NEW YORK (Reuters) - American International Group Inc has named two executives to lead its restructuring, and its chief executive warned that $120 billion in emergency federal cash extended to the insurer may not be enough.

CEO Edward Liddy, in a television interview on PBS on Wednesday, said that whether it would be enough was "very much a function of two things:

"One, our ability to stop the bleeding that we have in the financial products areas ... Also, what happens to the capital markets."

Liddy said the crux of the problem was declines in the market value of its credit default swaps, requiring it to post more and more collateral. He stressed that AIG was working to rid itself of thorny liabilities that drove $25 billion in losses over the past three quarters, and had shut down the financial products unit that was the source of the losses.

AIG said on Thursday that Paula Rosput Reynolds, a former chief executive of Seattle-based insurer Safeco, would become chief restructuring officer, overseeing divestiture of assets and serving as AIG's main liaison with the Federal Reserve Bank of New York, which provided AIG with an $85 billion loan. The company has since received an additional line of credit.

Richard Booth, AIG's chief administrative officer, is now also to be in charge of transition planning. Booth will oversee the separation of companies that AIG sells off.

Reynolds and Booth will report to Liddy, who was named AIG CEO in conjunction with the government's bailout.

Separately, AIG said it hired New York public relations firm Burson-Marsteller to help it respond to the "huge volume of requests for information we are receiving from customers, employees and the media."

A spokesman declined to say how much it will pay the firm for these services.

Spending at AIG has come under scrutiny since the federal bailout, leading the insurer to cancel several events it had planned, freeze bonus plans for officers of the financial products unit, and stop severance payments to former chief executive Martin Sullivan.
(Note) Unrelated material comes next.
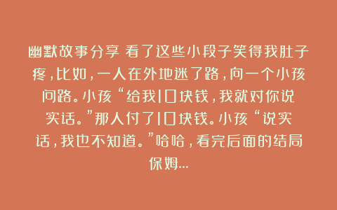 哈哈,看完后面的结局保姆说的话太有意思了,这小段子幽默风趣,有品有味,精彩纷呈,笑点十足,搞笑而有内涵,真是搞笑界的天花板,真是高手在民间啊,作者真的值得佩服,看完让人捧腹大笑,笑一笑,十年少,烦恼全忘掉。🙏感谢朋友们的关注!#幽默搞笑小故事分享# #搞笑# #什么笑话让你看一次笑一次?#

AIG, which had been the world's largest publicly traded insurer, was pushed to the brink of bankruptcy by losses on credit default swaps it wrote to guarantee mortgage-linked debt.

Saved by the $85 billion federal bailout in mid-September, and the additional line of credit, AIG is scrambling to sell off parts of its business outside its insurance core in a bid to quickly pay off the government debt, which carries heavy interest and fees.